Das OVG Koblenz hat im Ergebnis dem Landkreis vollumfänglich recht gegeben. Dies war bereits das Ergebnis der erstinstanzlichen Entscheidung des VG Trier gewesen. Zwar ist anerkannt, dass ein Sofortvollzug in Form der unmittelbaren Ausführung nur dann zulässig ist, wenn mit der Anordnung und Durchführung von Gefahrbeseitigungsmaßnahmen im gestreckten Vollzug – ggf. auf Grund einer sofort vollziehbaren Ordnungsverfügung – nicht zugewartet werden kann, weil keine der polizeipflichtigen Personen vorhanden, erreichbar oder zur Gefahrenabwehr in der Lage ist. Dabei ist insbesondere eine sofort vollziehbare Verfügung in Betracht zu ziehen, die je nach Gefahrenintensität und Eilbedürftigkeit inhaltlich entsprechend dem Grundsatz der Verhältnismäßigkeit abzustufen und mit minimalen Fristen versehen werden kann (OVG Koblenz, Urteil vom 25. März 2009 – 1 A 10632/08.OVG –, NVwZ-RR 2009, 746).

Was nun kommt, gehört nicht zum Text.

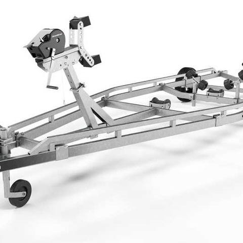 Båtupptagningsvagn för mindre båtar upp till 20 fot, justerbara kölrullar och sidorullar av X-line-kvalitet för enkel anpassning till din båt. Varmgalvaniserat chassi för lång hållbarhet. Vinsch och vinschtorn som är enkelt att justera, vinschtornet är även utrustat med en extra säkerhetsvajer för användning vid transport. Båttrailern på bilden kan vara extrautrustad.

Das OVG Koblenz folgte aber der Argumentation des Landkreises, wonach allein der Zeitablauf von Wochen oder sogar Monaten die Behörde nicht zwingen würde, den Modus der Gefahrenbeseitigung zu wechseln, sofern eine einheitliche Gefahrenlage fortbesteht und die Behörde die Sanierung ohne Unterbrechung konsequent verfolgt. Anders wäre es gegebenenfalls, wenn im Rahmen der Maßnahmendurchführung eine Zäsur erkennbar wäre, die es erlaubt hätte, die Gefahrenabwehrmaßnahme in mehrere getrennt voneinander zu betrachtende Zeitabschnitte zu gliedern. Dies war jedoch nach Auffassung des Gerichts in dieser Sache nicht der Fall. 

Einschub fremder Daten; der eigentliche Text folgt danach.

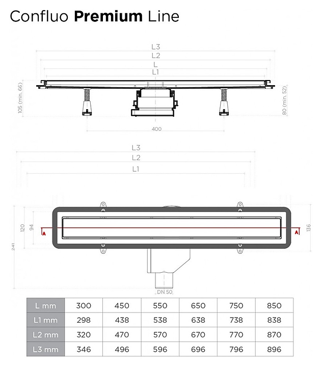 Душевой лоток Pestan Confluo Premium Black Glass Line 650

Aus Sicht des OVG Koblenz hatte der Landkreis auch die potentiellen Verantwortlichen zutreffend identifiziert. Die Bundesanstalt für Immobilienaufgaben (BImA) war als Zustandsverantwortliche verantwortlich, da sie für eine ordnungsgemäße Stilllegung der Treibstoffleitung zuständig gewesen wäre (dies ist – soweit ersichtlich – neben dem Urteil des BGH vom 17.07.2015, V ZR 205/14, und der Vorinstanz, VG Trier, Urteil vom 15.01.2024 – 9 K 1531/23 der zweite Rechtsstreit, in dem der umfassende Aufgabenübergang von der Vermögensverwaltung auf die BImA gerichtlich bestätigt wird).

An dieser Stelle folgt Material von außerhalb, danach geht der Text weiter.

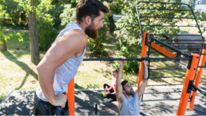 - Prisitraukimai 3xMAX (Jeigu nepadarote nei vieno prisitraukimo darykite prisitraukimus treniruoklyje, arba vieną koją padėkite ant suoliuko ir prisitraukinėkite su koja padėta ant atramos taško)

Das Bauunternehmen, so das OVG Koblenz, musste wiederum für das ihr zuzurechnende, mit dem Einsatz eines Kabelpflugs verbundene Risiko einstehen. Der Einsatz eines Kabelpfluges ist nach der zustimmungswürdigen Auffassung des Gerichts mit dem besonderen Risiko verbunden, dass bei den Arbeiten im Boden verborgene Gegenstände und Einrichtungen in Mitleidenschaft gezogen werden. 

KOPP-ASSENMACHER Rechtsanwälte hat in diesen Verfahren den beklagten Landkreis vor dem OVG Koblenz vertreten.